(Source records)
>>

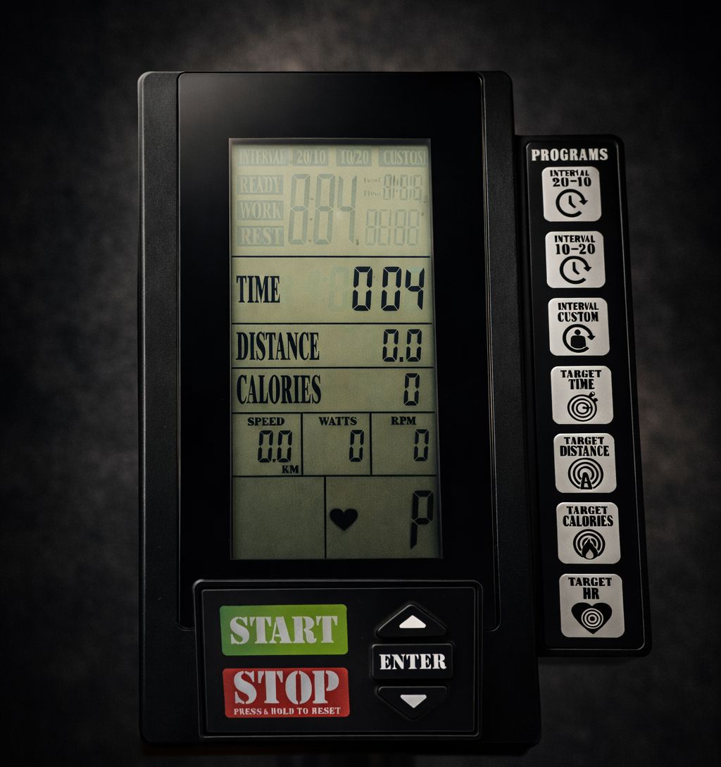 1. LCD ekran sa 7 programa treninga. 20/10, 20/30 intervale, custom intervale, targetiranje distance, vremena i visine srčane frekvencije i potrošnje kalorija.
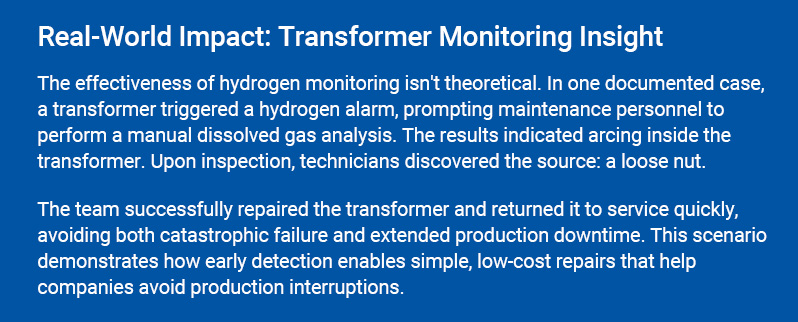 The effectiveness of hydrogen monitoring isn’t theoretical. In one documented case, a transformer triggered a hydrogen alarm, prompting maintenance personnel to perform a manual dissolved gas analysis. The results indicated arcing inside the transformer. Upon inspection, technicians discovered the source: a loose nut.
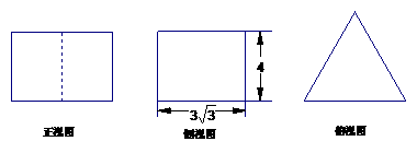 15、若一个底面为正三角形、侧棱与底面垂直的棱柱的三视图如下图所示,则这个棱柱的体积为 。
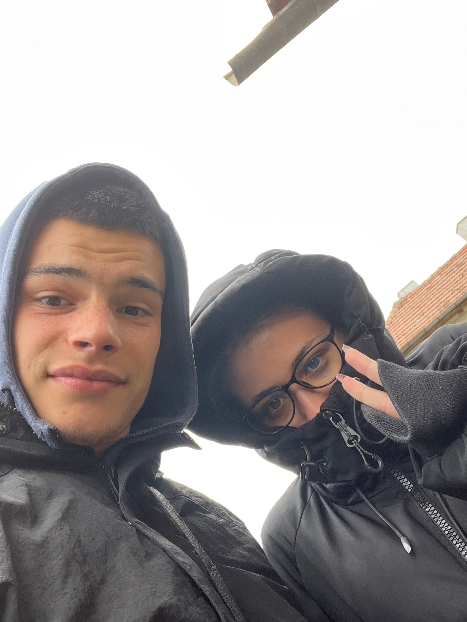 A low-angle selfie shows two people wearing hooded jackets. The person in the foreground is a young man with short dark hair. He is wearing a blue hoodie. Behind him is a young woman with glasses and…read more
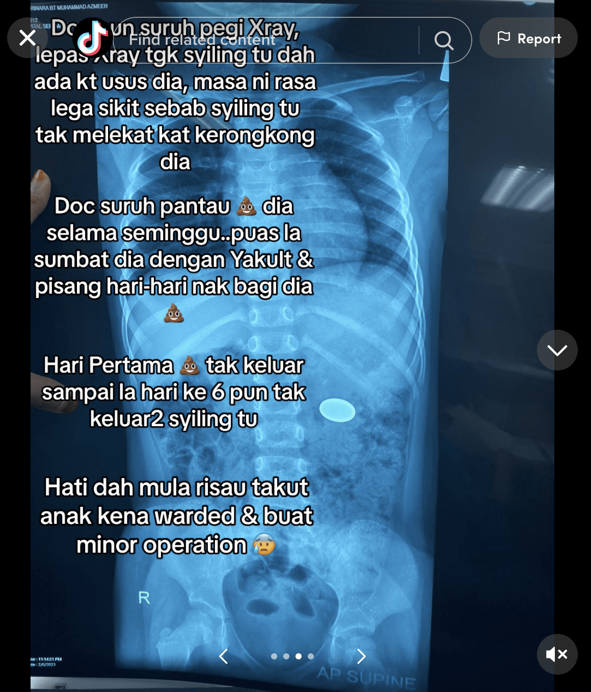 Azmeer explained that the doctor immediately conducted an X-ray scan to determine the position of the coin, which was found in the intestine.
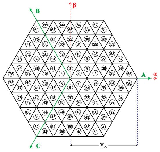 where , , and , , , are the corresponding pole voltages of inverters 2 and 4, respectively. By applying (1) to all the possible switching states, the 4096 voltage vector combinations can be grouped into 61 space locations and form a hexagon that can be divided into 96 sectors (Figure 2).
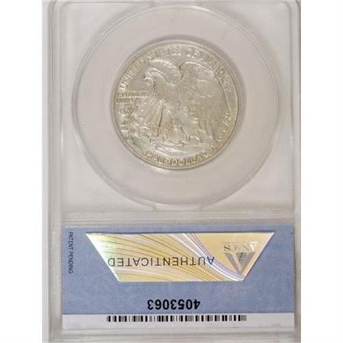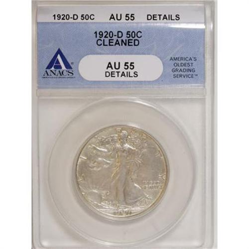 <B>1920-D 50C --Cleaned--ANACS. AU55 Details.</B></I> Delicate powder-blue and caramel-gold toning. This scarcer early branch mint Walking Liberty half displays faint hairlines, and a loupe reveals a few areas of fine abrasions. Ample luster shimmers from the design.<BR><BR><B>Coin Engraver:</B> Adolph A. Weinman<BR><BR><b>Shipping:</b> Coins & Currency (<a target="_blank" href="http://www.heritageauctions.com/common/shipping.php">view shipping information</a>)
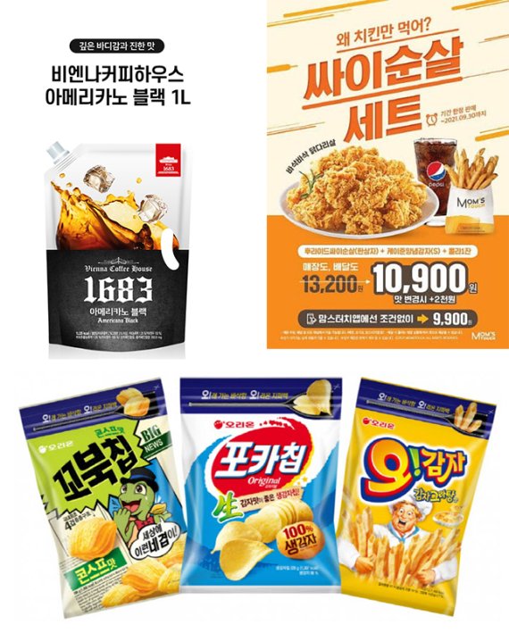 오리온의 '꼬북칩', '포카칩', '오!감자' 등 인기 스낵 3종 세트도 대용량 지퍼백에 담겨 판매된다. 이 세 제품은 기존 M 사이즈 대비 세 배 이상 용량을 늘렸다. '꼬북칩'과 '오!감자'는 가성비 트렌드를 반영해 기존 제품 대비 g당 가격을 낮춰 실속도를 높였다.

<<

▸ **What you have to do**
Print the data once more without any change, skipping each picture.

▸ **Result for this exercise**
 1. LCD ekran sa 7 programa treninga. 20/10, 20/30 intervale, custom intervale, targetiranje distance, vremena i visine srčane frekvencije i potrošnje kalorija.
 The effectiveness of hydrogen monitoring isn’t theoretical. In one documented case, a transformer triggered a hydrogen alarm, prompting maintenance personnel to perform a manual dissolved gas analysis. The results indicated arcing inside the transformer. Upon inspection, technicians discovered the source: a loose nut.
 15、若一个底面为正三角形、侧棱与底面垂直的棱柱的三视图如下图所示,则这个棱柱的体积为 。
 A low-angle selfie shows two people wearing hooded jackets. The person in the foreground is a young man with short dark hair. He is wearing a blue hoodie. Behind him is a young woman with glasses and…read more
 Azmeer explained that the doctor immediately conducted an X-ray scan to determine the position of the coin, which was found in the intestine.
 where , , and , , , are the corresponding pole voltages of inverters 2 and 4, respectively. By applying (1) to all the possible switching states, the 4096 voltage vector combinations can be grouped into 61 space locations and form a hexagon that can be divided into 96 sectors (Figure 2).
 <B>1920-D 50C --Cleaned--ANACS. AU55 Details.</B></I> Delicate powder-blue and caramel-gold toning. This scarcer early branch mint Walking Liberty half displays faint hairlines, and a loupe reveals a few areas of fine abrasions. Ample luster shimmers from the design.<BR><BR><B>Coin Engraver:</B> Adolph A. Weinman<BR><BR><b>Shipping:</b> Coins & Currency (<a target="_blank" href="http://www.heritageauctions.com/common/shipping.php">view shipping information</a>)
 오리온의 '꼬북칩', '포카칩', '오!감자' 등 인기 스낵 3종 세트도 대용량 지퍼백에 담겨 판매된다. 이 세 제품은 기존 M 사이즈 대비 세 배 이상 용량을 늘렸다. '꼬북칩'과 '오!감자'는 가성비 트렌드를 반영해 기존 제품 대비 g당 가격을 낮춰 실속도를 높였다.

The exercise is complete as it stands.